Activity » Copy only the lines from the one with "が、期末試験直前であるにも関" through the end of the records, exactly as they stand. No pictures belong in the copy.

[Records contained in a dataset]
========

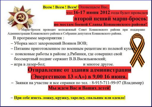 Второй пеший марш-бросок по местам боевой Славы Конаковского района.В этом году во второй раз молодежным Советом Конаковского района и военно-патриотическим клубом «Звезда» был осуществлен пеший марш-бросок. Целью данного мероприятия является развитие военно-патриотического воспитания, развитие юноармейского движения и привлечение молодежи к поисковой деятельности.Ранним утром 16 июня группа активистов МолСовета с участниками центра «Звезда» под руководством председателя Валерия Петровича Гореликова «высадилась» на прекрасный берег реки Волга в районе деревни Вараксино. Несмотря на пасмурную погоду, сразу закипела работа. За считанные минуты был разбит лагерь, который в дальнейшем помогал укрыться от дождя. Марш-бросок начался с того, что ребята были разбиты на два поисковых отряда. Один отряд направился на «разведку» территории, где проходила линия обороны немецких войск в 1941 году, второй отправился на место возможного захоронения советских воинов. Два часа кипела работа, и остановить ее смог только ливень. Результатами поисковой деятельности отрядов стали патроны и гильзы, использовавшиеся во время ВОВ. После того, как участники немного обсохли, на территории заброшенной птицефабрики Завидово их ждал настоящий сюрприз, который осуществился благодаря депутату Завидовского поселения Ленмару Владимировичу Тимофееву. Этим сюрпризом стала военная ролевая игра «Лазертаг». Смысл игры заключается в том, что каждому участнику выдается комплект оборудования из шлема и лазерной винтовки. Поражая из такой винтовки противника, шлем начинает вибрировать и издавать звуки. Происходящее действие похоже на компьютерную игру, но все происходит в реальном времени и в конкретном месте. Ребята разделились вначале на три команды для того, чтобы выяснить, кто будет играть в большой финальной игре. Определив победителей, началась квест игра «С.Т.А.Л.К.Е.Р.», где помимо защиты базы, нужно было искать квест-предметы и выполнять различные задания. О своих ощущениях от игры рассказывает председатель МолСовета Денис Клементьев: - «Ощущения от игры трудно передать словами, это надо прочувствовать на себе, окунуться в атмосферу командной борьбы. А вообще, это азарт, когда из- за каждого угла может выскочить противник, пытаешься сделать все как можно быстрее и незаметнее. Также это ощущение командного духа, несмотря на то, что в команде были ребята и девчонки, многих из которых я видел впервые, нам удалось быстро сплотиться, каждый четко выполнял указания и внес свой вклад в победу. После начала игры, ты попадаешь в "другой мир", где есть только цель, задача, которую тебе и твоим соратникам необходимо выполнить, время пролетает на одном дыхании, кажется, что прошло всего пара минут, а на самом деле пролетел час и не один. В общем, игра очень понравилась, хочется повторить наши баталии, и снова схлестнуться в очередном квесте».Изрядно повеселившись, команды на катере отправились в лагерь, где уже была приготовлена гречневая каша по армейскому рецепт, у приготовленная на настоящей полевой кухне. Вечером погода разошлась, но невзирая на это, подростки не достигшие 18 лет, выехали домой на автобусе. Более старшие остались на ночевку в предвкушении радиотрансляции матча «Евро -2012»- Россия-Греция. Все готовились к победе нашей команды но, но итогом с
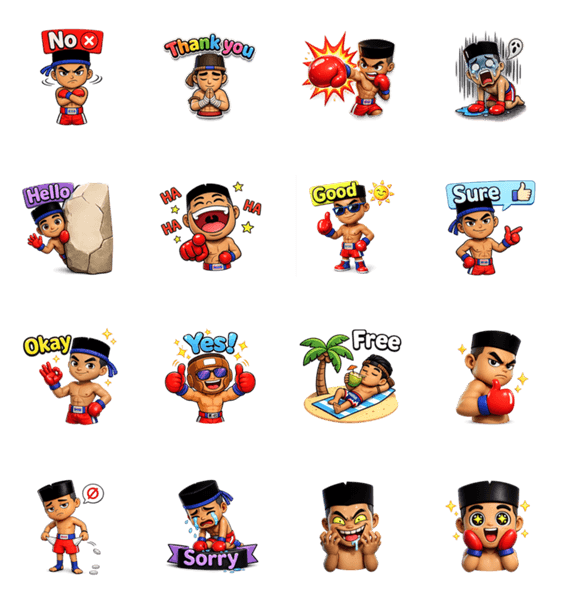 | スタンプ説明 | Hello guys! I am Thai boxer. Jay is my name, I to make your chat is filled good make your word more easier. Let's chat and have fun time together! Go! |
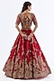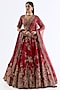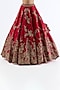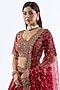 Featuring a red lehenga in raw silk base. It is paired with an embroidered blouse and a tulle dupatta. Accentuate it with statement jewellery and heels for a wedding or engagement ceremony.
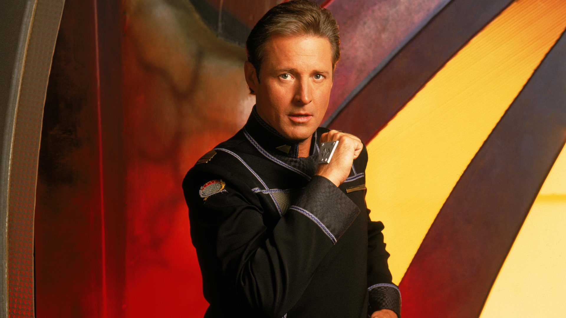 Description: A man in a black jacket is holding a cell phone in his hand and posing for a picture in front of a colorful wall.
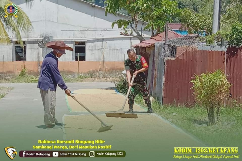 Dalam interaksinya Babinsa Padu Banjar ini Turut membantu Pak Adim menjemur padi sembari memberikan masukan-masukan yang positif dan motivasi guna meningkatkan perekonomian keluarga.
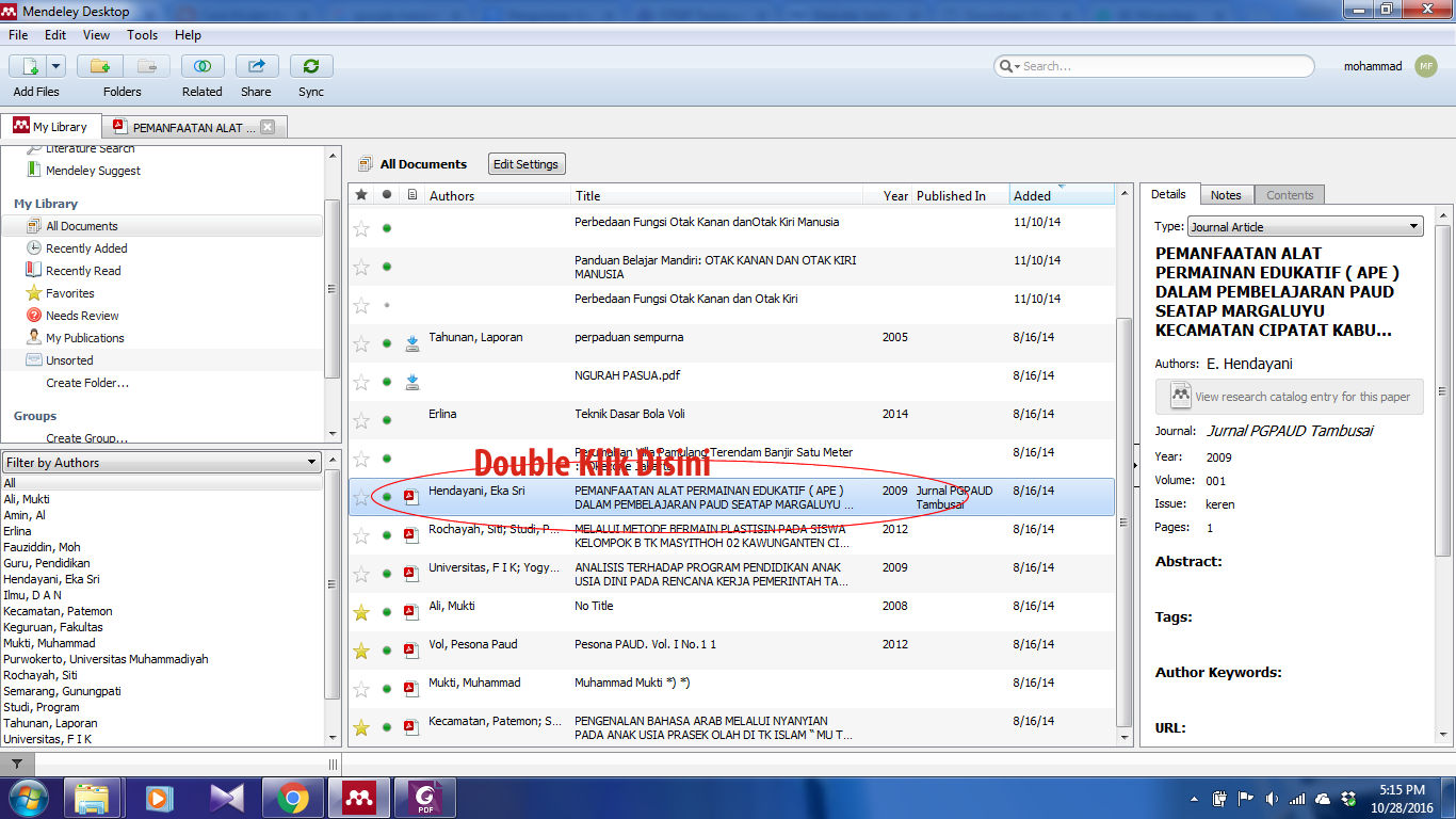 Buka Artikel yang akan kita kutip, caranya klik dua kali pada artikel yang sudah kita masukkan pada Aplikasi Mendeley
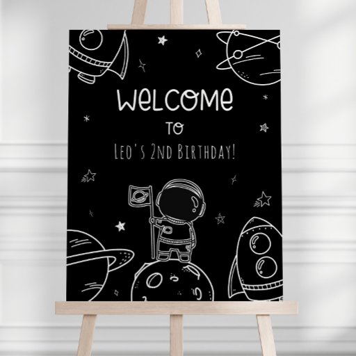 Invite friends and family to your child's second birthday party with this adorable outer space birthday invitation in a modern minimal black and white design.
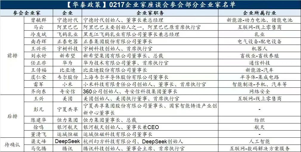 據(jù)新華社報(bào)道,2月17日上午,民營(yíng)企業(yè)座談會(huì)在北京召開(kāi)。 根據(jù)央視新聞視頻報(bào)道畫(huà)面及其他權(quán)威媒體報(bào)道,出席座談會(huì)的著名企業(yè)家包括華為創(chuàng)始人任正非、比亞迪董事長(zhǎng)王傳福等。 值得一提的是,若是將主業(yè)限定為集成電路行業(yè),那目前看到與會(huì)嘉賓中只有韋爾股份董事長(zhǎng)虞仁榮在圈定范圍當(dāng)中,若是將范圍放寬為公司業(yè)務(wù)囊括或觸及集成電路行業(yè),那名單中的企業(yè)家除了前述三位之外,還包括阿里巴巴創(chuàng)始人馬云、小米
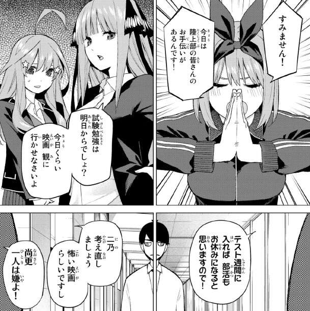 が、期末試験直前であるにも関わらず二乃、五月は映画鑑賞、四葉は陸上部の部活手伝いです。気を落とす風太郎です。仕方なく、一花と三玖とで自習を行います。
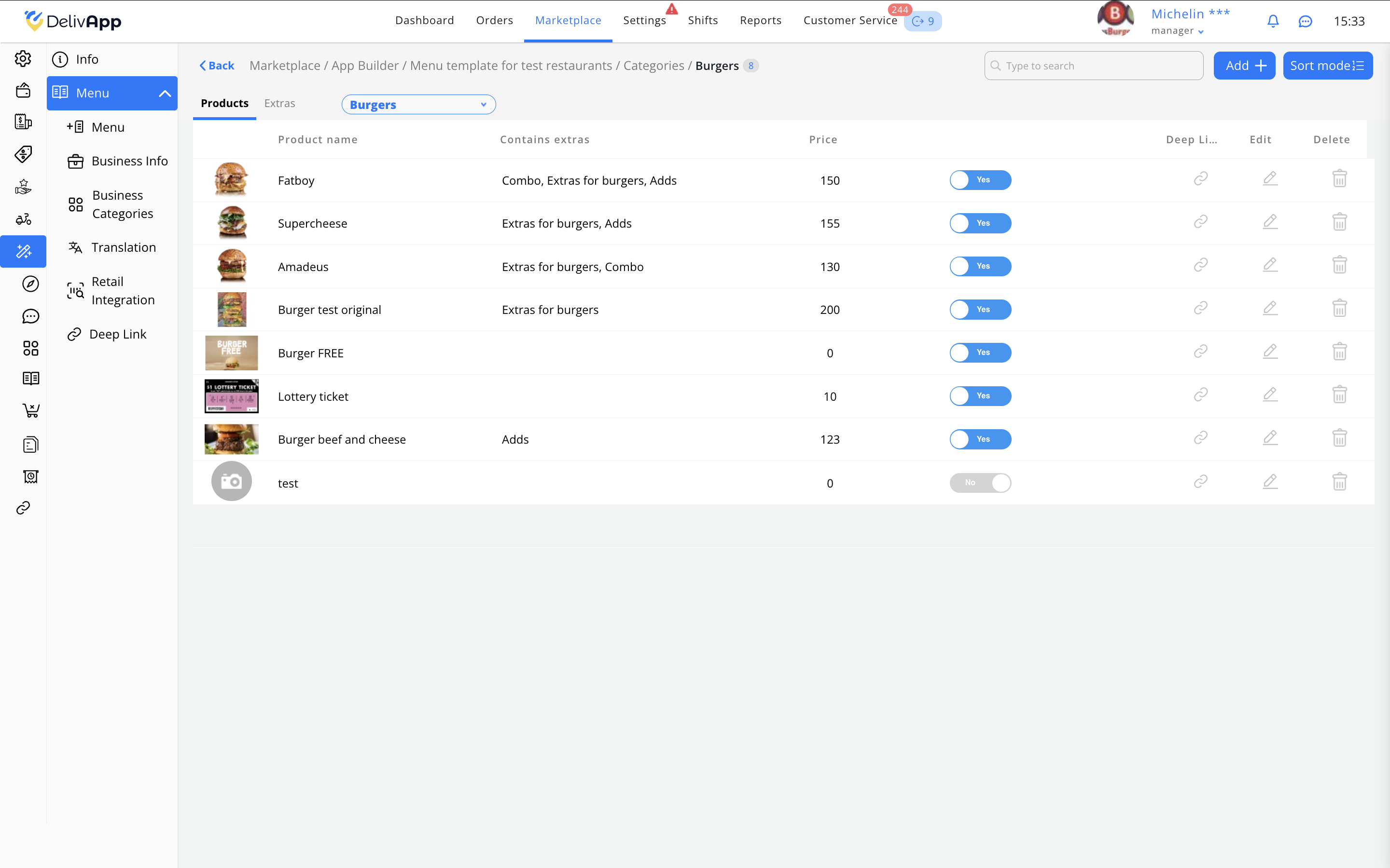 - הפעל קבוצות תוספות רלוונטיות (למשל: Adds, Extras for burgers, Combo) — אם הוגדרו מראש.
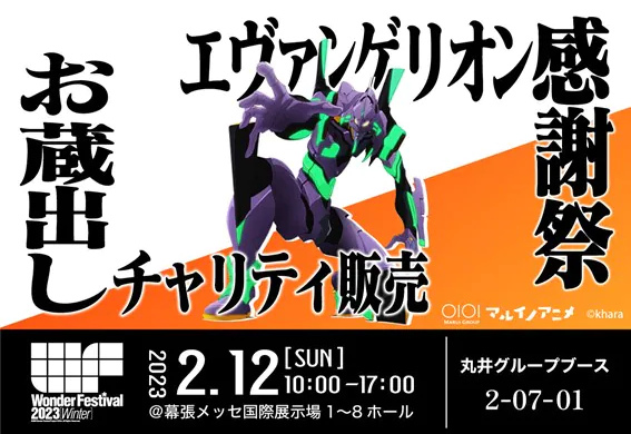 《新世紀福音戰士》將於 2/12 在千葉幕張展覽館舉辦的「Wonder Festival 2023 [冬]」丸井集團攤位中舉行「新世紀福音戰士感謝祭」,預計釋出多項絕版商品,販售所得金額將用來保存動畫、特攝文化資料。

========

Written answer »
 が、期末試験直前であるにも関わらず二乃、五月は映画鑑賞、四葉は陸上部の部活手伝いです。気を落とす風太郎です。仕方なく、一花と三玖とで自習を行います。
 - הפעל קבוצות תוספות רלוונטיות (למשל: Adds, Extras for burgers, Combo) — אם הוגדרו מראש.
 《新世紀福音戰士》將於 2/12 在千葉幕張展覽館舉辦的「Wonder Festival 2023 [冬]」丸井集團攤位中舉行「新世紀福音戰士感謝祭」,預計釋出多項絕版商品,販售所得金額將用來保存動畫、特攝文化資料。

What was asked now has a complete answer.